• The records

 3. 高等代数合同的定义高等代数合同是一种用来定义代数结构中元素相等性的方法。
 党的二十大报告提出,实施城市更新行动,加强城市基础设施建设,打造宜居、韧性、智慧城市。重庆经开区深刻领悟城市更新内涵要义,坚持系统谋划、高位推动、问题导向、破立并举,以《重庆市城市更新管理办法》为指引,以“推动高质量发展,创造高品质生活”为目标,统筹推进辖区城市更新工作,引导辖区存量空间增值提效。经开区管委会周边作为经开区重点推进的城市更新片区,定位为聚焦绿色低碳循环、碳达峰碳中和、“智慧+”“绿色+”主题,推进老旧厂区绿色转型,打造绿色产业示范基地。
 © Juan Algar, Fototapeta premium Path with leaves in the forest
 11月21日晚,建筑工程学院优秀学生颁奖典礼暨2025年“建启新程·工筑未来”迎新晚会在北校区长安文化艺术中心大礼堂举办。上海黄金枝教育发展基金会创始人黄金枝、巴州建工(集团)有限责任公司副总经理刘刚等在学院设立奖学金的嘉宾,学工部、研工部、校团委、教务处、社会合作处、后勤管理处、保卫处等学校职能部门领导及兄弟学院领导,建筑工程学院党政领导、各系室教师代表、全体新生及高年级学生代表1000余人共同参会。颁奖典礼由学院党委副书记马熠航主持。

==

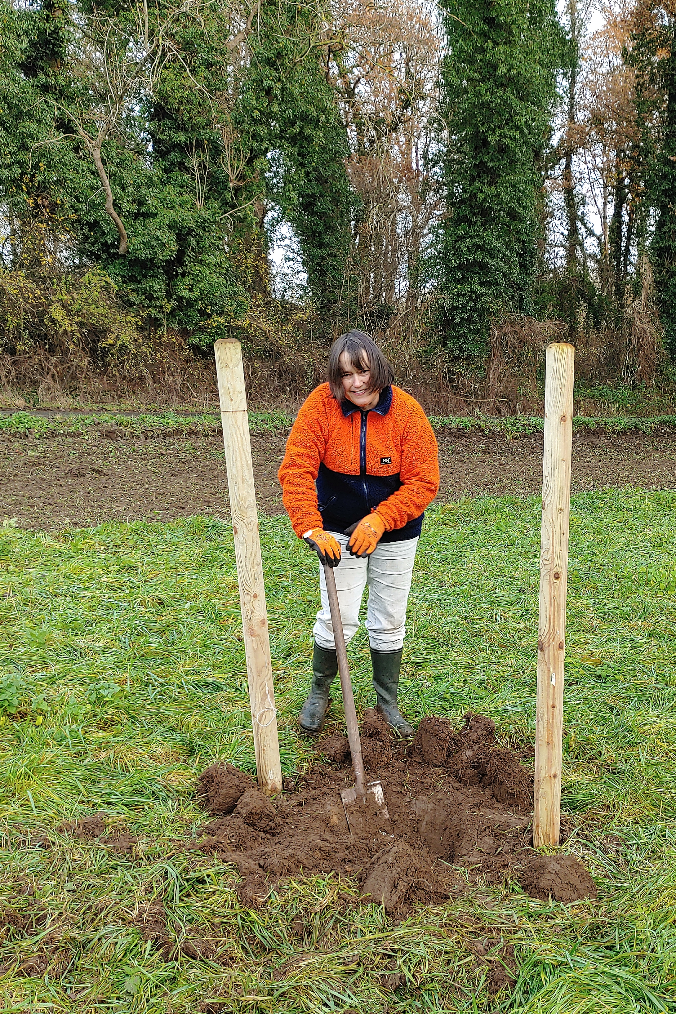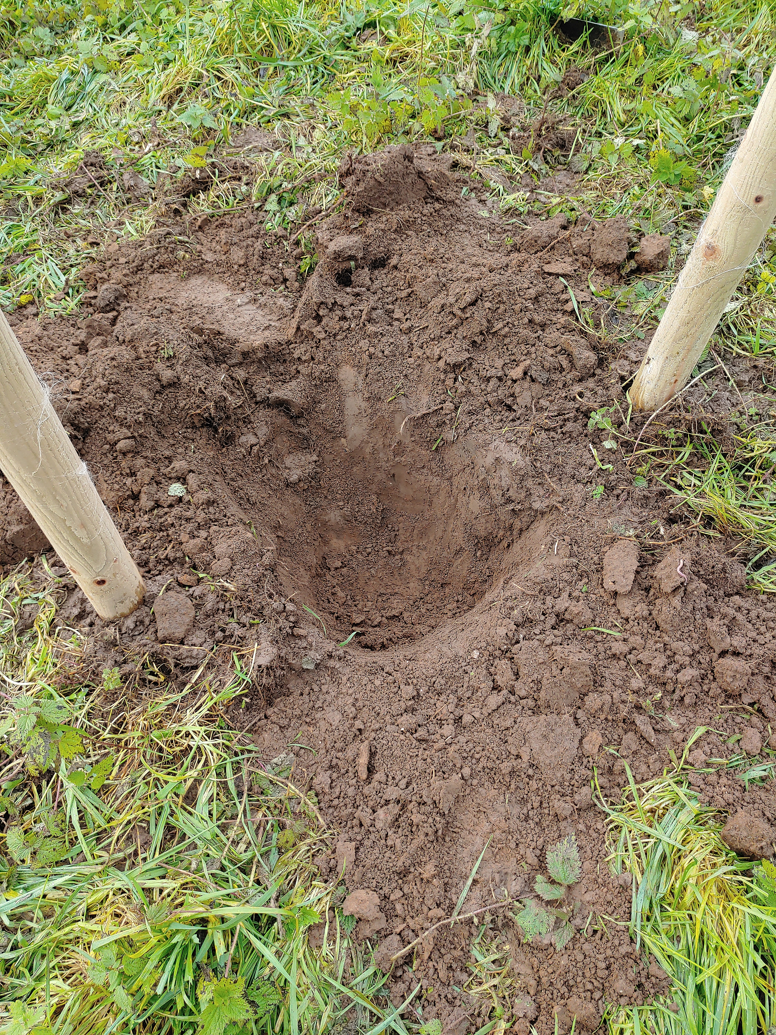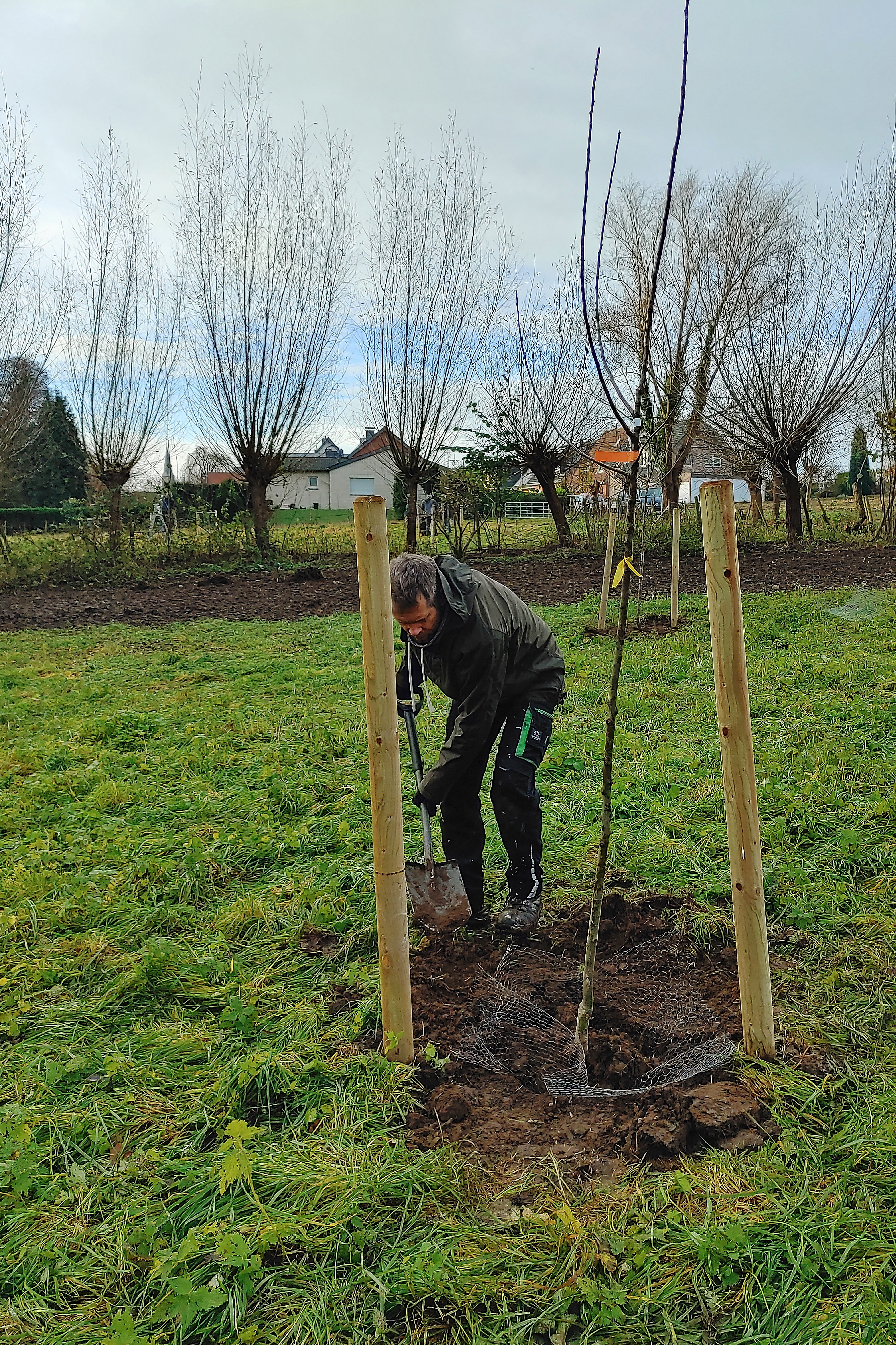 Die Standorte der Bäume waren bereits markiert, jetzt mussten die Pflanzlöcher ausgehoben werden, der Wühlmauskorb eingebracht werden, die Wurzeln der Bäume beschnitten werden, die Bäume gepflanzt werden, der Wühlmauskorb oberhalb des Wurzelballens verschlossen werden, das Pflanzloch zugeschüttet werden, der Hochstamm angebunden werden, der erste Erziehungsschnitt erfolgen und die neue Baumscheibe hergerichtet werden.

...

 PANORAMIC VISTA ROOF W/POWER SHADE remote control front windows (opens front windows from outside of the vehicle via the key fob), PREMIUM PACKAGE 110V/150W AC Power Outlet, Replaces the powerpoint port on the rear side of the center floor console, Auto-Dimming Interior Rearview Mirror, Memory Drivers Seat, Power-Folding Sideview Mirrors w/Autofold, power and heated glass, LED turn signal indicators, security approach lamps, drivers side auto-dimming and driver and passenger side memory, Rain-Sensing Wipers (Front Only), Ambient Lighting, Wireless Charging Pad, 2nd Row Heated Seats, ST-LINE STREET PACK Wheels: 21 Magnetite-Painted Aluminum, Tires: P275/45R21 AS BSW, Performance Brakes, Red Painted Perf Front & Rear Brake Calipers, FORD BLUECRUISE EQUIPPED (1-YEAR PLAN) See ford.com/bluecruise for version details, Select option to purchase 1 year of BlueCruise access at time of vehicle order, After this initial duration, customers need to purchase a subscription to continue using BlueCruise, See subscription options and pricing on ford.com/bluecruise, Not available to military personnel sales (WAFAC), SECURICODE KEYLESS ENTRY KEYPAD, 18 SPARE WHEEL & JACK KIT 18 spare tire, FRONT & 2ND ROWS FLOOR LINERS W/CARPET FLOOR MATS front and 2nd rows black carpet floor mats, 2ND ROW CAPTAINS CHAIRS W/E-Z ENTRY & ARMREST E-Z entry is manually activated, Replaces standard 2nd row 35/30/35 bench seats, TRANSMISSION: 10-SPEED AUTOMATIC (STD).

• Your goal
For this exercise, repeat exactly the lines of the data above from the one with "3. 高等代数合同的定义高等代数合同是一种用来定义代数结构中元素相等性的方法。" down to the one with "11月21日晚,建筑工程学院", both end lines included.

• Exercise answer
 3. 高等代数合同的定义高等代数合同是一种用来定义代数结构中元素相等性的方法。
 党的二十大报告提出,实施城市更新行动,加强城市基础设施建设,打造宜居、韧性、智慧城市。重庆经开区深刻领悟城市更新内涵要义,坚持系统谋划、高位推动、问题导向、破立并举,以《重庆市城市更新管理办法》为指引,以“推动高质量发展,创造高品质生活”为目标,统筹推进辖区城市更新工作,引导辖区存量空间增值提效。经开区管委会周边作为经开区重点推进的城市更新片区,定位为聚焦绿色低碳循环、碳达峰碳中和、“智慧+”“绿色+”主题,推进老旧厂区绿色转型,打造绿色产业示范基地。
 © Juan Algar, Fototapeta premium Path with leaves in the forest
 11月21日晚,建筑工程学院优秀学生颁奖典礼暨2025年“建启新程·工筑未来”迎新晚会在北校区长安文化艺术中心大礼堂举办。上海黄金枝教育发展基金会创始人黄金枝、巴州建工(集团)有限责任公司副总经理刘刚等在学院设立奖学金的嘉宾,学工部、研工部、校团委、教务处、社会合作处、后勤管理处、保卫处等学校职能部门领导及兄弟学院领导,建筑工程学院党政领导、各系室教师代表、全体新生及高年级学生代表1000余人共同参会。颁奖典礼由学院党委副书记马熠航主持。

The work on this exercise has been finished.